La bacchetta di Renato Palumbo, senza mai perdere della consueta precisione, conquista per un senso pienamente “teatrale” che apre a squarci di ampio, levigato sinfonismo, così come a sequenze di grande sentimento. Le scene del secondo atto, particolarmente a rischio caricatura, sono invece accompagnate da un’intelligente concertazione, che evita qualsiasi leziosità pur caratterizzando perfettamente il mood dell’insieme, ricco di contrasti e di pathos, soprattutto nel duetto. L’Intermezzo, attesissimo, non delude le aspettative, grandioso e struggente, pieno di slancio eppure così intimo. I colori e gli impasti sono scintillanti e ben modulati in accordo con le scene, e le voci sono sostenute con chiarezza ed attenzione, per quanto a volte i volumi vadano a sovrastarle (specie nell’atto I). L’Orchestra del Teatro Regio, as usual, è pronta ad ogni richiesta e ben preparata, con suoni lucenti, vividi, pieni.

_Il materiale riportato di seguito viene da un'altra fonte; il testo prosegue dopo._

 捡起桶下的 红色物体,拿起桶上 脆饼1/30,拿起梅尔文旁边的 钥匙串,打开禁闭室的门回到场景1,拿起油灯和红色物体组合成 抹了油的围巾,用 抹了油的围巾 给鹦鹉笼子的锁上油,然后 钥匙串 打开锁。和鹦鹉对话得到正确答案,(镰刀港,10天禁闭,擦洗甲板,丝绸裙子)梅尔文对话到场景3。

Il Coro di Ulisse Trabacchin si conferma rassicurante presenza, scenicamente vivace, tecnicamente saldo e ben presente vocalmente. I movimenti della massa sono in generale ben calibrati, forse un po’ troppo convulsi nel primo atto: è ben resa l’idea della stazione ferroviaria affollata di viaggiatori, ma la continua concitazione a volte fa sembrare un po’ affannosa la scena e non giova alla comprensione delle singole scene per chi non conosce bene l’opera.

“Rubano” a volte la scena ai protagonisti gli eccellenti comprimari, in testa Carlo Lepore (Geronte), che risolve una parte poco simpatica con un tocco di elegante irriverenza e una vocalità ben delineata. Di pregio anche il resto del cast: Giuseppe Infantino (Edmondo), Janusz Nosek, (Sergente degli arcieri/oste), Lorenzo Battagion (Comandante di marina), Didier Pieri (Maestro di ballo/ lampionaio), Reut Ventorero (Un musico) con il gruppo dei quattro Madrigalisti (Pierina Trivero, Manuela Giacomini, Giulia Medicina, Daniela Valdenassi), che trasformano in un delizioso numero di cabaret la scena del madrigale.

Menzione speciale merita Alessandro Luongo (Lescaut), simpatico sbruffone dal cuore tenero, che disegna magistralmente la propria parte con una bella resa vocale, fraseggi giusti e padronanza scenica. È molto bella la scelta di evidenziare, anche registicamente, il rapporto con Manon: nel loro vivere alla giornata essi sono legati da un affetto profondo, e la loro confidenza giunge al punto che la ragazza si rivolge senza imbarazzi al fratello, nella magnifica “In quelle trine morbide”, per raccontare quanto le manchi, nell’alcova, la passione carnale con Des Grieux!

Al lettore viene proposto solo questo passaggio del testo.